VNX-TF-007 – Terraform AWS EKS Cluster Public API Endpoint Enabled

Overview

This rule flags Terraform .tf files where an aws_eks_cluster resource either explicitly sets endpoint_public_access = true or omits the endpoint_public_access attribute in the vpc_config block (the default is public access enabled). The EKS API server endpoint is the control plane interface through which kubectl commands, CI/CD pipelines, and Kubernetes controllers communicate. When it is publicly accessible, any internet-connected host can attempt to authenticate against it.

A publicly accessible Kubernetes API server is a high-value target for several classes of attack: credential theft via brute-force or social engineering, exploitation of authentication vulnerabilities in the API server itself, and discovery of exposed control plane components via the unauthenticated /version and /healthz endpoints that leak cluster information.

This rule corresponds to CWE-200: Exposure of Sensitive Information to an Unauthorized Actor.

Severity: High | CWE: CWE-200 – Exposure of Sensitive Information to an Unauthorized Actor

Why This Matters

The Kubernetes API server is the most sensitive component of any Kubernetes cluster. Every administrative action — deploying workloads, reading secrets, modifying RBAC policies, accessing pod logs — flows through the API server. An attacker who can authenticate to the API server (or exploit an unauthenticated vulnerability in it) has complete control over all workloads running on the cluster.

EKS clusters running production workloads frequently have Kubernetes Secrets containing database credentials, API keys, TLS certificates, and cloud provider credentials. A compromised API server provides access to all of these. The attacker can also spawn privileged containers, mount host filesystems, access the EC2 instance metadata service from within pods, and ultimately achieve full control of the underlying EC2 worker nodes.

Public EKS endpoints face automated scanning that discovers new clusters within minutes. While AWS requires valid credentials to make most API calls, kubectl cluster CVEs (such as the path traversal vulnerability CVE-2018-1002105) have demonstrated that even partially unauthenticated access to a public API server can be leveraged to escalate privileges.

What Gets Flagged

The rule matches .tf files where endpoint_public_access = true is set, or where an aws_eks_cluster resource does not include endpoint_public_access = false in its configuration.

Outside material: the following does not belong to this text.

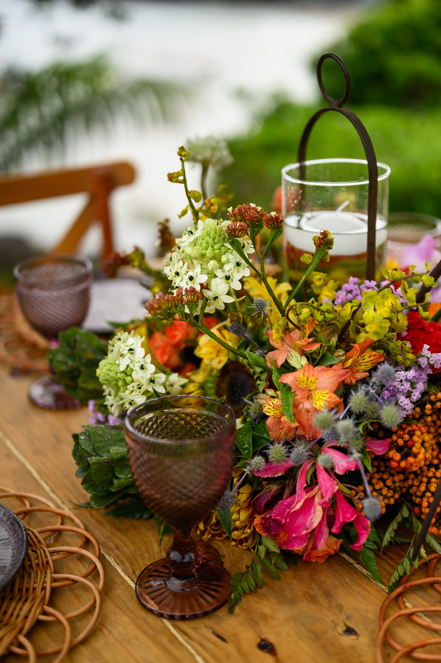 A decor, claro, foi assinada pela noiva, agregando o clima tropical que é uma das marcas de seu trabalho.

# FLAGGED: public API endpoint explicitly enabled
resource "aws_eks_cluster" "prod" {
  name     = "production"
  role_arn = aws_iam_role.eks.arn

  vpc_config {
    subnet_ids            = var.private_subnet_ids
    endpoint_public_access = true
  }
}

# FLAGGED: missing endpoint_public_access — defaults to true
resource "aws_eks_cluster" "prod" {
  name     = "production"
  role_arn = aws_iam_role.eks.arn

  vpc_config {
    subnet_ids = var.private_subnet_ids
    # endpoint_public_access not set — defaults to enabled
  }
}

Remediation

  1. Set endpoint_public_access = false and endpoint_private_access = true. Workers and management tooling should communicate with the API server via the private VPC endpoint:
# SAFE: private-only EKS API endpoint
resource "aws_eks_cluster" "prod" {
  name     = "production"
  role_arn = aws_iam_role.eks.arn

  vpc_config {
    subnet_ids              = var.private_subnet_ids
    endpoint_private_access = true
    endpoint_public_access  = false
  }
}
  1. If public access is operationally necessary, restrict it to specific CIDR blocks rather than allowing all internet traffic. Use public_access_cidrs to limit access to corporate VPN egress IPs or other known ranges:
# ACCEPTABLE: public access restricted to specific IPs
vpc_config {
  endpoint_public_access  = true
  endpoint_private_access = true
  public_access_cidrs     = ["203.0.113.0/24"] # corporate VPN egress
}
  1. Use AWS VPN or Direct Connect for administrative access to avoid requiring a public endpoint. CI/CD pipelines can reach the private endpoint by running within the VPC or through a VPN connection.